• EXERCISE
Starting at the line that contains "Women\'s Autumn Winter", return every line through the end of the data exactly, without pictures.
START RECORD EXTRACTS
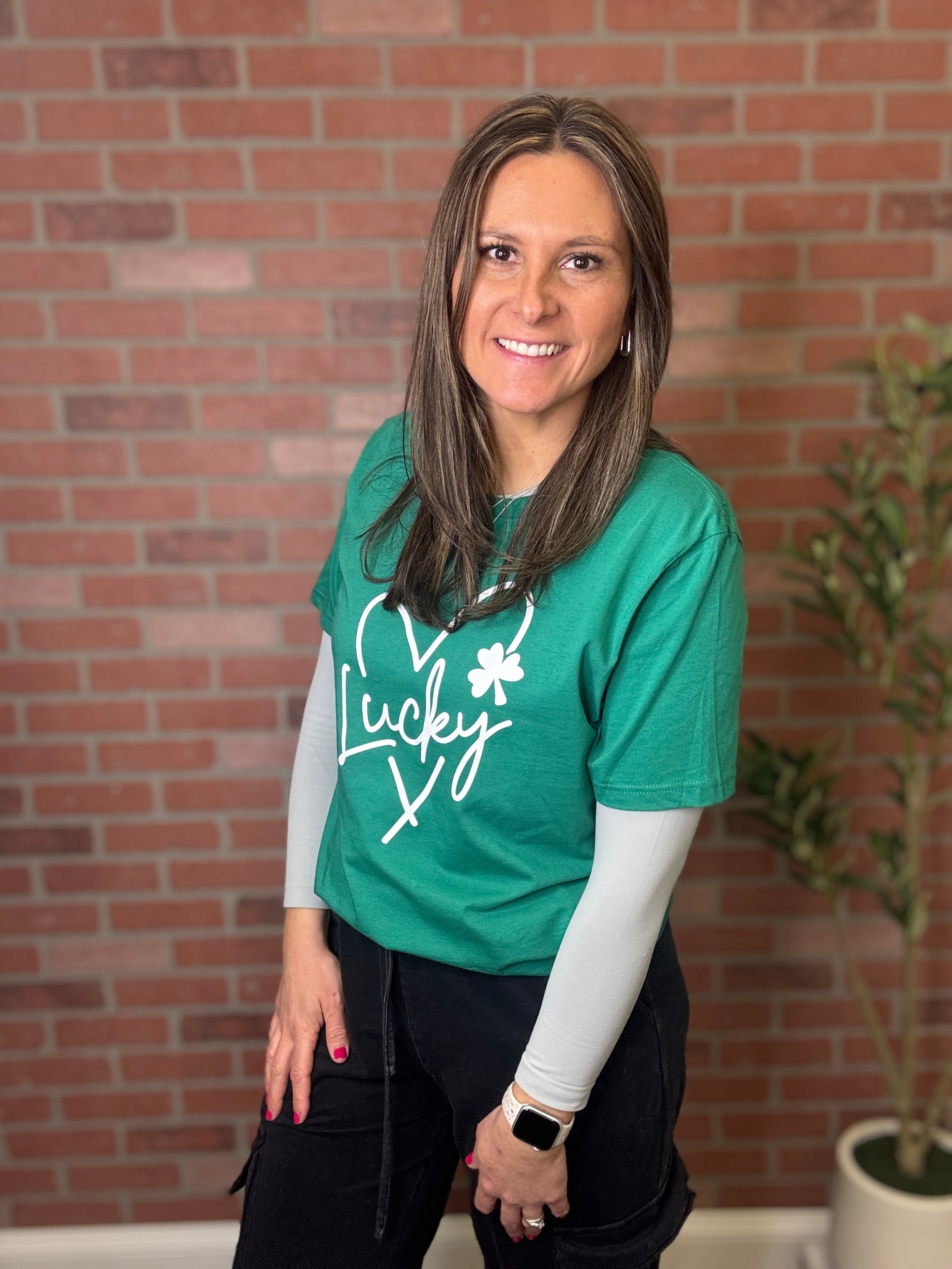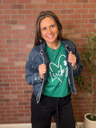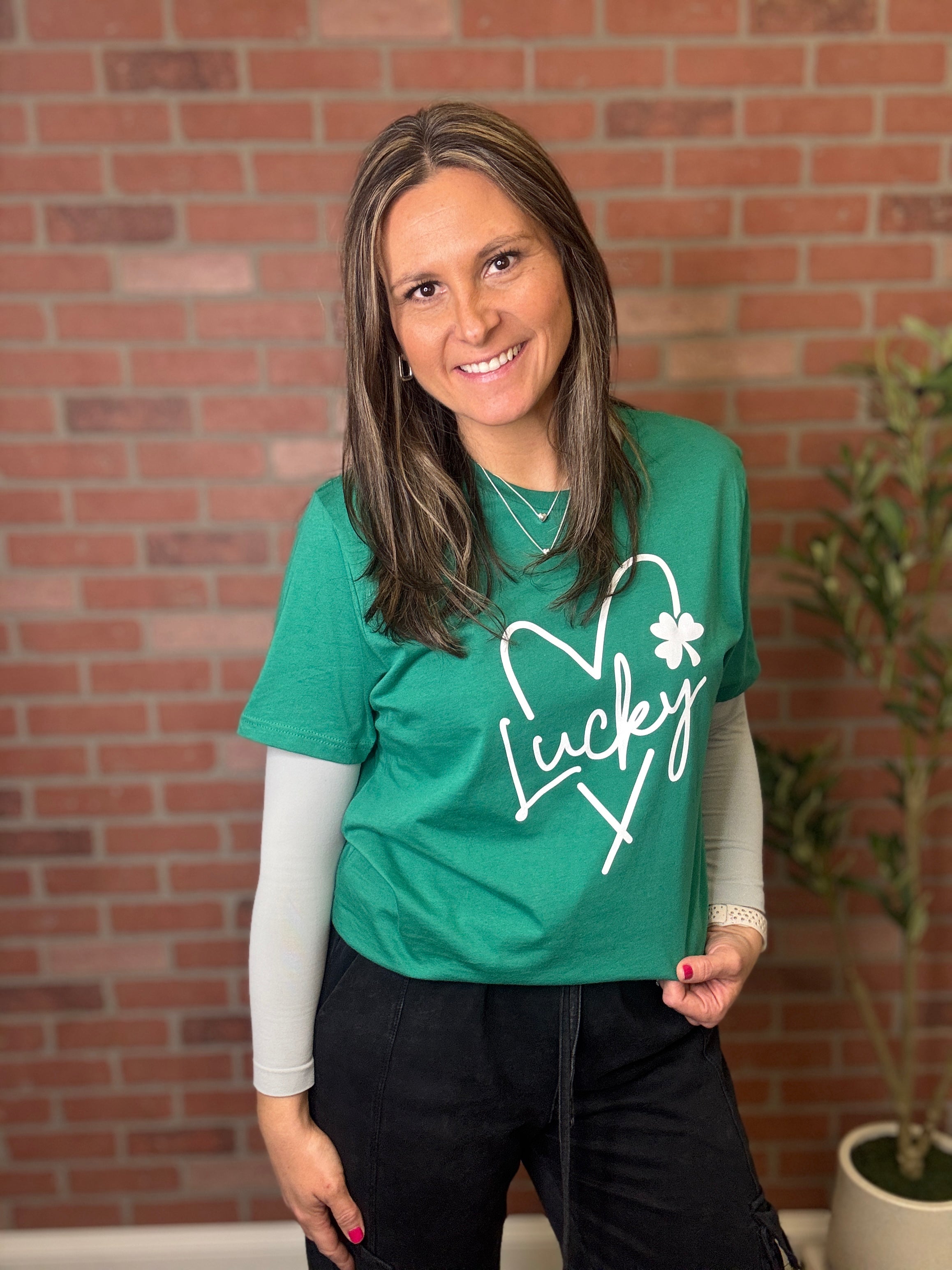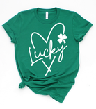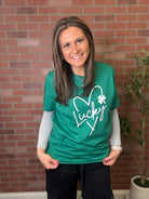 Embrace the Irish spirit with our St. Patrick's 'Lucky' Heart Tee. A charming nod to the season of luck and love, perfect for celebrating St. Patrick's Day with style.
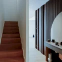 Cred că are ceva mai mult de două băi apartamentul acesta. Are totuși patru dormitoare poziționate pe două niveluri.
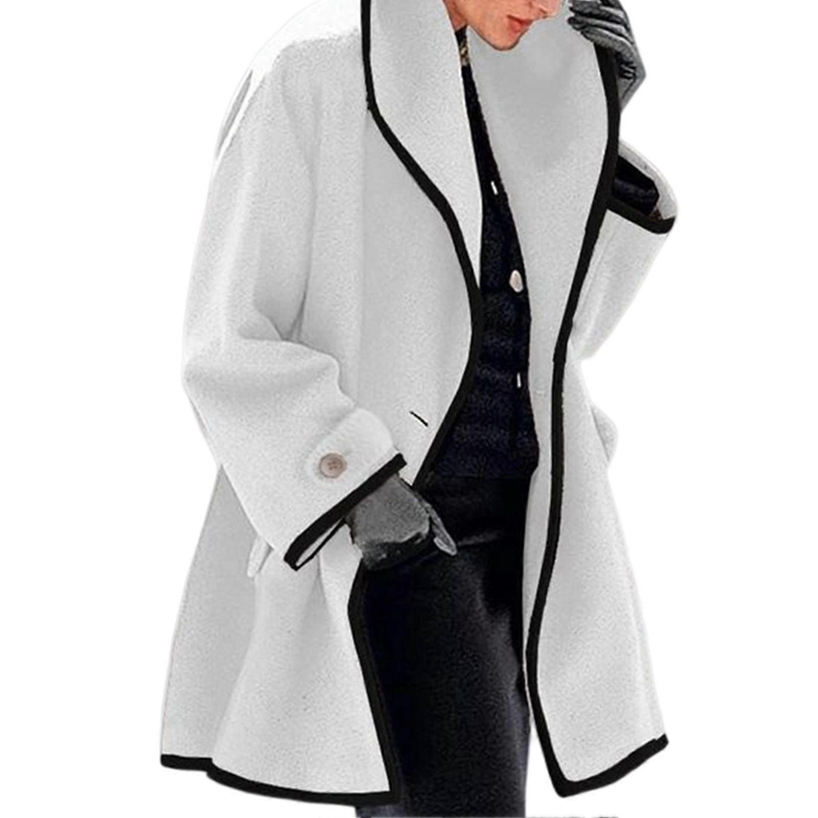 Women\'s Autumn Winter Woolen Coat Hooded Color Block Woolen Coat Long Sleeve Cardigan Trench Jacket
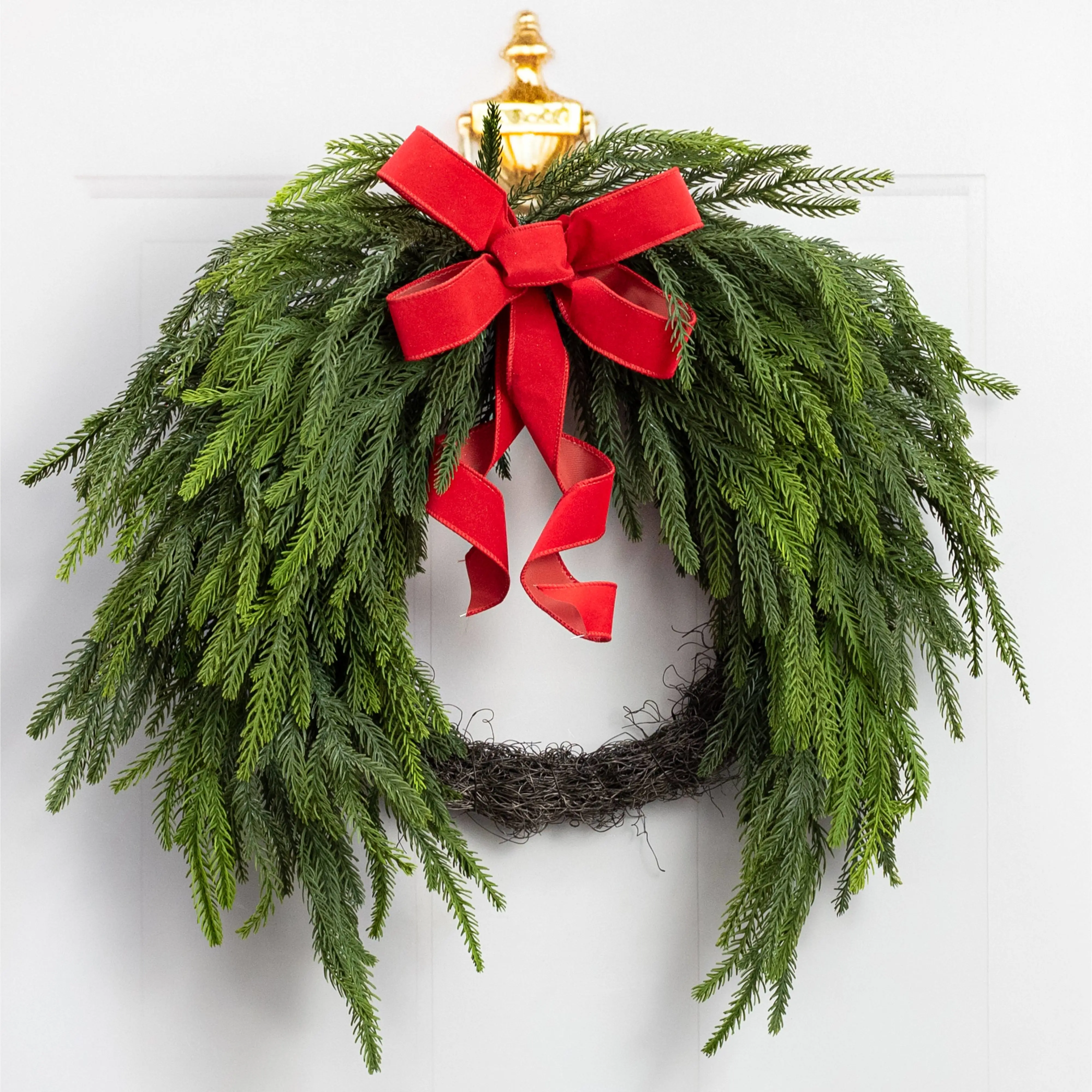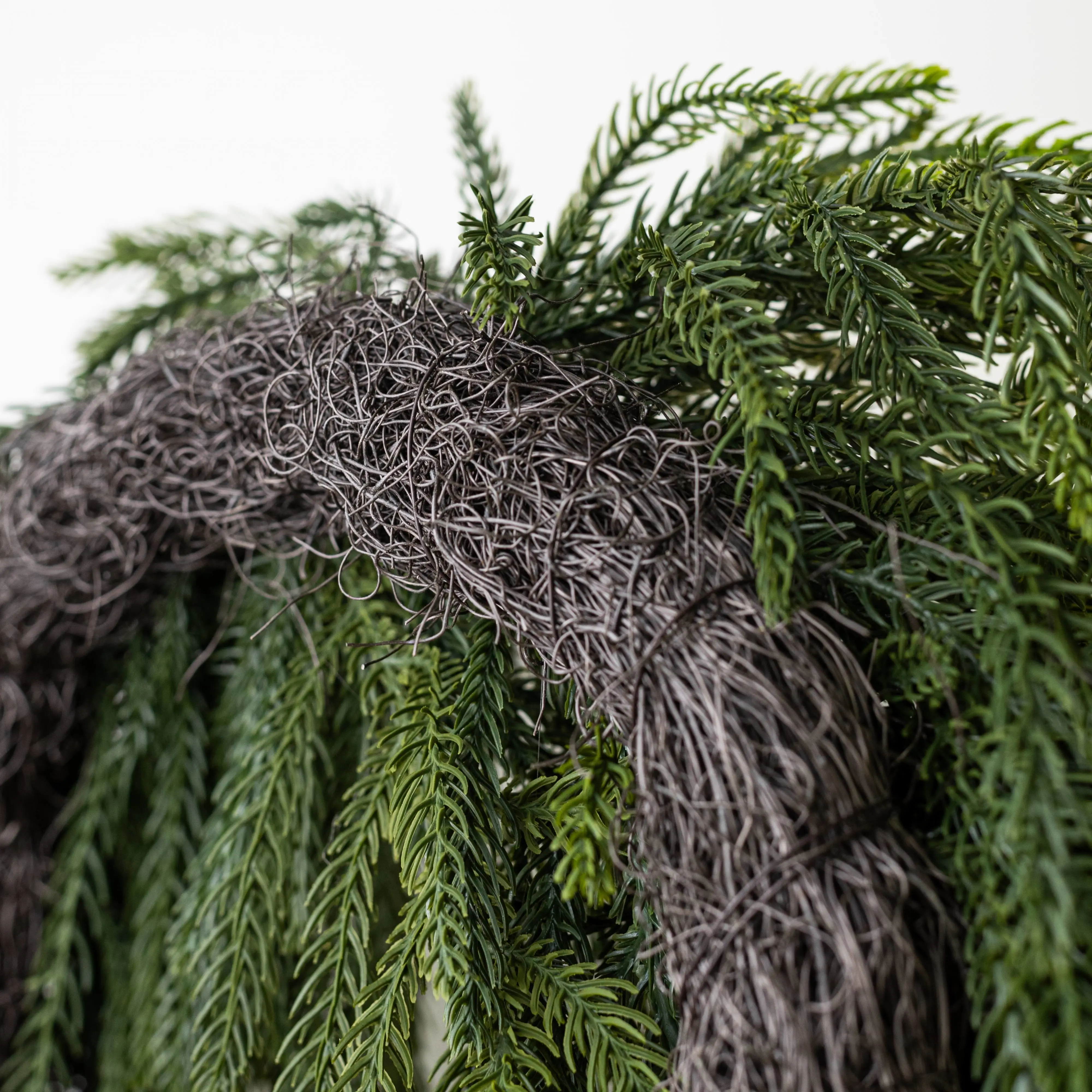 Ample pieces of variegated green willow pine are layered over each other and draped like a swag over an angel vine base. The wired pieces flow left and right, leaving a spot in the center for a bow or cluster of ornaments.
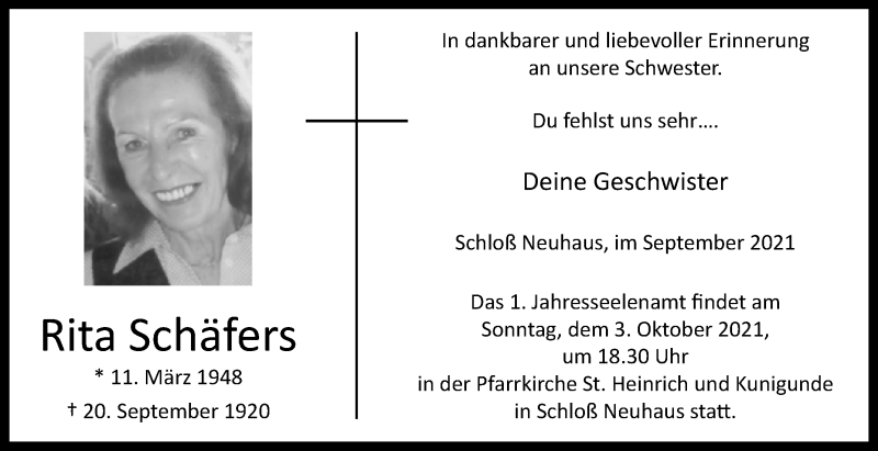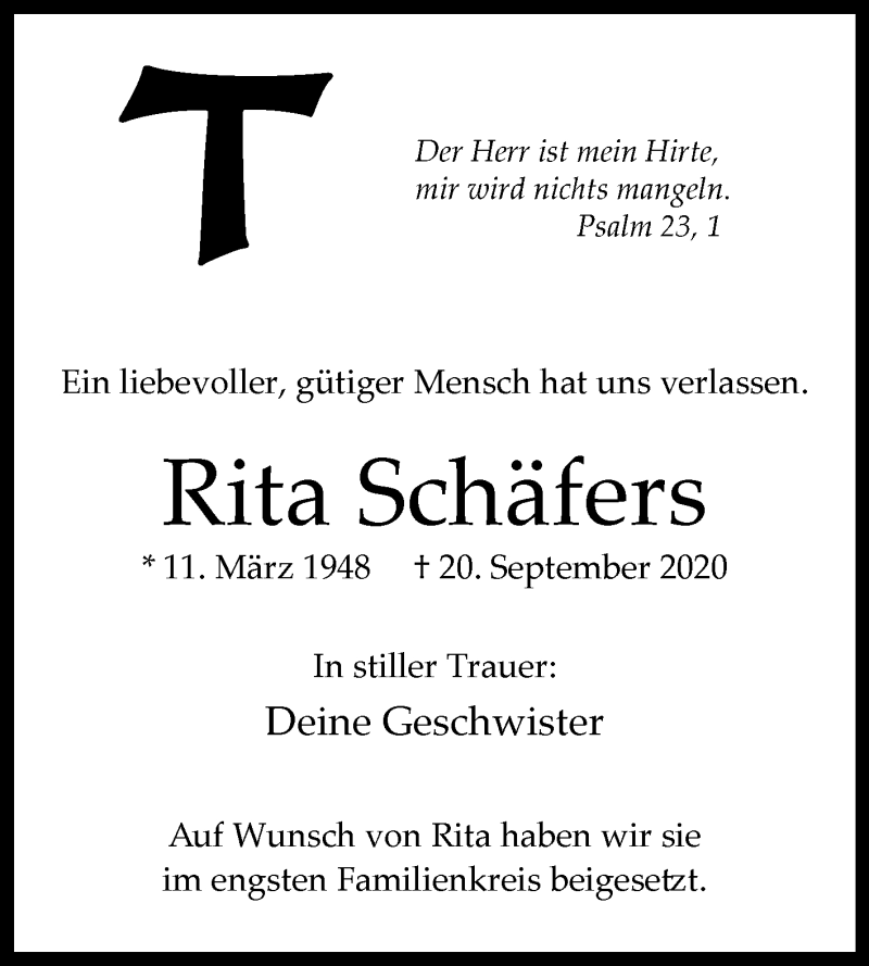Hier finden Sie alle Traueranzeigen aus der Zeitung, die bisher für Rita Schäfers erschienen sind. Weitere Traueranzeigen, die in der Zeitung erscheinen, werden hier ebenfalls aufgelistet
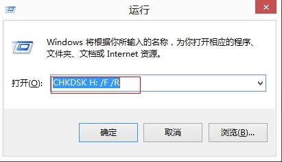 二、按Win+R打开运行窗口,输入CHKDSK H: /F /R命令,接着会弹出一个命令提示符窗口。
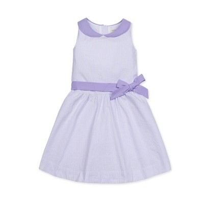 Product Name: Hope & Henry Heirloom Girls' Organic Sleeveless Special Occasion Sundress with Bow Back Detail and Embroidery, Blue Seersucker, 5
END RECORD EXTRACTS
• YOUR RESPONSE
 Women\'s Autumn Winter Woolen Coat Hooded Color Block Woolen Coat Long Sleeve Cardigan Trench Jacket
 Ample pieces of variegated green willow pine are layered over each other and draped like a swag over an angel vine base. The wired pieces flow left and right, leaving a spot in the center for a bow or cluster of ornaments.
Hier finden Sie alle Traueranzeigen aus der Zeitung, die bisher für Rita Schäfers erschienen sind. Weitere Traueranzeigen, die in der Zeitung erscheinen, werden hier ebenfalls aufgelistet
 二、按Win+R打开运行窗口,输入CHKDSK H: /F /R命令,接着会弹出一个命令提示符窗口。
 Product Name: Hope & Henry Heirloom Girls' Organic Sleeveless Special Occasion Sundress with Bow Back Detail and Embroidery, Blue Seersucker, 5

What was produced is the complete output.